Hebben de internetmastodonten u ooit veel geld aangeboden om bij hen te komen werken?
Maes: “Zeker. Een bedrijf als Google probeert voortdurend de proffen op technische universiteiten zoals Stanford, MIT en Georgia Tech ervan te overtuigen om bij hen te komen werken. Zo was Sebastian Thrun ooit professor computerwetenschappen in Carnegie Mellon en Stanford tot hij er door Google werd weggekaapt om het beruchte Google X Lab te gaan leiden waar onder andere met zelfrijdende auto’s geëxperimenteerd werd. Ikzelf heb geen enkele interesse in een overstap naar het bedrijfsleven. Mijn onafhankelijkheid is heilig.

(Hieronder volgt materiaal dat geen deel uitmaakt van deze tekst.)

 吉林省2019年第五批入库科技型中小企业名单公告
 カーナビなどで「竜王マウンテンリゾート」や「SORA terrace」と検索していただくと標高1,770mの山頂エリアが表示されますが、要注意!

“Voor de universiteiten wordt het langzaamaan een probleem dat al hun knappe koppen door de internetgiganten met veel dollars verleid worden. Beloftevolle studenten krijgen meteen na hun bachelor riante salarissen aangeboden. Het draait natuurlijk niet alleen om geld: voor een net afgestudeerde computerwetenschapper is het een uitgelezen kans om een groot succesvol platform zoals Facebook of Google verder te helpen uitbouwen. Veel van onze masterstudenten komen tegenwoordig uit het buitenland, want alle Amerikanen trekken direct na hun bachelor naar een internetbedrijf.”
Facebooks geheime project Building 8 wordt geleid door Regina Dugan, ooit baas van een militair onderzoekscentrum. Eind april lichtte ze een tip van de sluier: de wetenschappers van Building 8 werken onder andere aan lasertechnologie die het mogelijk moet maken om mensen rechtstreeks vanuit hun hersenen zinnen te laten typen. Versmelt binnenkort de mens met de technologie?

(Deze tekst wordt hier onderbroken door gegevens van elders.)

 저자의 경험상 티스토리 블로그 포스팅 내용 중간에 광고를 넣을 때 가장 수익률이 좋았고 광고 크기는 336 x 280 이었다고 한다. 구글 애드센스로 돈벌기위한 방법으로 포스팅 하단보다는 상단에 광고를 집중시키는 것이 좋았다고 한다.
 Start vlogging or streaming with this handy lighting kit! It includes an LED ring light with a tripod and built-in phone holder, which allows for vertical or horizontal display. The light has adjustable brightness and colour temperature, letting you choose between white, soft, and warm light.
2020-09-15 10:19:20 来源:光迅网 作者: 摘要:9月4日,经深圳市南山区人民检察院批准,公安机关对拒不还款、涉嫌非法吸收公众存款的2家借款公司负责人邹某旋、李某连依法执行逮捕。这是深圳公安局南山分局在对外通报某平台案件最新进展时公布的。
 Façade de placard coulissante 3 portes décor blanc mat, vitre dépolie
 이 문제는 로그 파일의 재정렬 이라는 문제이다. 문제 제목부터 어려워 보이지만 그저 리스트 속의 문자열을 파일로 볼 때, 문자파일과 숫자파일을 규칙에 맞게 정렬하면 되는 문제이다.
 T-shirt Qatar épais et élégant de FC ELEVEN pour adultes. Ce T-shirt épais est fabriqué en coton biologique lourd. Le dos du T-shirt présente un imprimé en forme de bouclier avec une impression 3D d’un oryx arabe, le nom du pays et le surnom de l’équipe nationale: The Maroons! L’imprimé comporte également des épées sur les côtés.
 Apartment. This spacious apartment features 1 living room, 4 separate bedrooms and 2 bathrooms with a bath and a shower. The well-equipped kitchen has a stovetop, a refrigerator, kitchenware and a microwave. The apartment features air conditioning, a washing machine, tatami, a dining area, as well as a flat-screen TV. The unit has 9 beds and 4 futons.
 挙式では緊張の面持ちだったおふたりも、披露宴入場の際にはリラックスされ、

Maes: “Facebook is niet enige bedrijf dat intens met dit soort van onderzoek bezig is. Dit wordt de technologie van de toekomst, of we dat nu leuk vinden of niet. Kijk naar de geschiedenis van de computer: die machine is steeds dichter naar ons toegekomen. Het begon in de jaren zestig en zeventig met een supercomputer ergens in een speciale gekoelde ruimte waar je naartoe moest reizen als je hem wou gebruiken. Dan was er de desktop. Die stond op een bureau in een aparte kamer in het huis. Daar moest je je ook voor verplaatsen. De laptop en de smartphone zorgen er nu voor dat de computer altijd bij ons is. Dankzij de wearables zoals de smartwatch, dragen we de computer op ons lijf. De volgende stap is dat we cyborgs worden en inderdaad met de technologie zullen ‘versmelten’. Volgens de Schotse filosoof Andy Clark is dat onze logische bestemming. Hij zegt dat we altijd al naar dat doel hebben toegewerkt en dat we van in het prille begin van onze geschiedenis nooit iets anders gedaan hebben dan ons te verbeteren met behulp van technologie. Het ligt nu eenmaal in onze aard om onszelf voortdurend te vervolmaken zodat we tot steeds meer in staat zijn. Daarom ontwikkelen en bouwen we al die toestellen die ons assisteren bij zowat alle aspecten van ons leven.”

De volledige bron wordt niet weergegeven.